Wednesday, July 05, 2006

 

Measuring our love for our national parks

From time to time some periodical or other reports that we are overrunning our national parks. As resorts and cities become more expensive as tourist destinations, and as it becomes easier, thanks to electronics and miniaturization, to carry along the comforts of home, more people are throwing the kids in the SUV and trekking to our wilderness areas to be with nature. This level of traffic is stressing animal and plant life, crumbling roads and eroding trails, straining maintenance resources, and detracting from the pristine beauty that draws visitors in the first place.

So Juliet Eilperin's piece, "'Videophilia' Keeps America Indoors" in today's Washington Post, came as a surprise. According to Eilperin, attendance at America's national parks has been shrinking since 1987! And she relates the findings of two researchers that the popular obsession with at-home movies, the Internet, and video games is responsible for perhaps 97.5% of the drop in park tourism.

Oh, come on. Staying in to see The Day After Tomorrow for the 80th time is what one does instead of weeding the yard, not instead of taking a Yellowstone vacation. That the researchers' conclusion is implausible becomes clear when they observe that "[i]n 2003, the average American devoted 327 more hours than in 1987 watching movies, playing video games and using the Internet" as though it were not only an explanation but a revelation. In 1987 the average American devoted no hours to Internet use! If the average American now spends at least an hour each day on-line, that more than accounts for 327 hours spent on the Internet alone. Of course we now spend at least that much time on the Internet, movies, and video games together. And since most Internet use is for work, shopping, correspondence, and entertainment after school or work—in other words, activities in which people have always engaged in—it certainly is not displacing trips to national parks.
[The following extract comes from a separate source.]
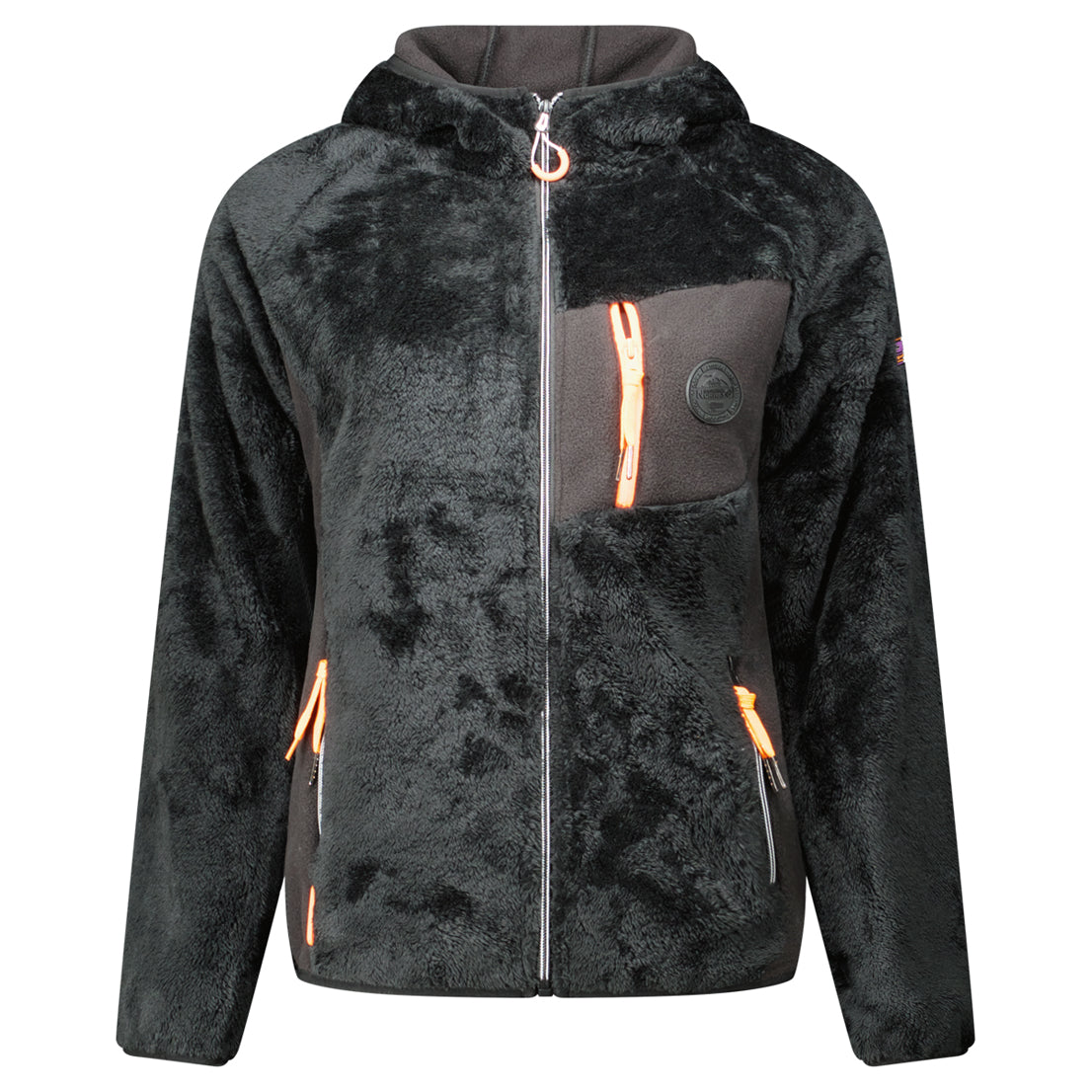 Il pile Geographical Norway Toscana da donna è progettato per offrire calore e morbidezza durante tutta la stagione invernale. Il cappuccio fisso protegge efficacemente dal freddo, mentre le tasche con zip sui fianchi e sul petto assicurano praticità e comfort per l'uso quotidiano. Il tessuto morbidissimo, unito a dettagli moderni come gli stemmi sul petto e sulla manica, lo rendono un capo elegante e funzionale.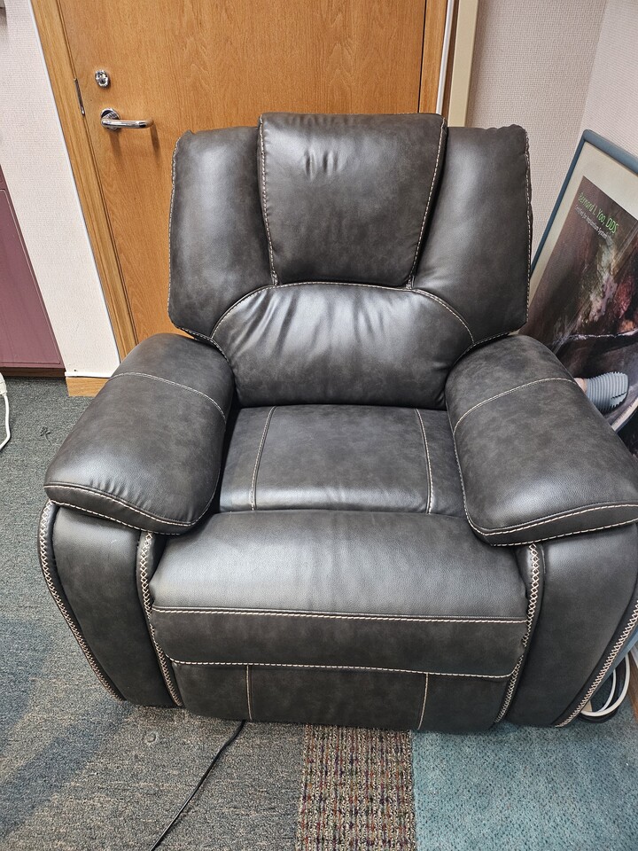 병원 정리, 원장실에서 가끔씩 사용하던 굉장히 편한 리클라이너 소파, 쿠션 상태 아주좋음, 커버 상태 아주좋음, 짙은 그레이 색,

Returning to the question of whether park use is declining, I wonder whether all the previous articles I've read on the subject were wrong. I also wonder how alarmed I should be about the fears, noted in the article, that dwindling public exposure to national parks will lead to reduced public concern for the environment and conservation. So on the one hand the parks are being trampled to death by unrelenting swarms of tourists, and on the other hand they are at dire risk of neglect owing to plummeting attendance. Whichever way visitor statistics are actually headed, it's bad!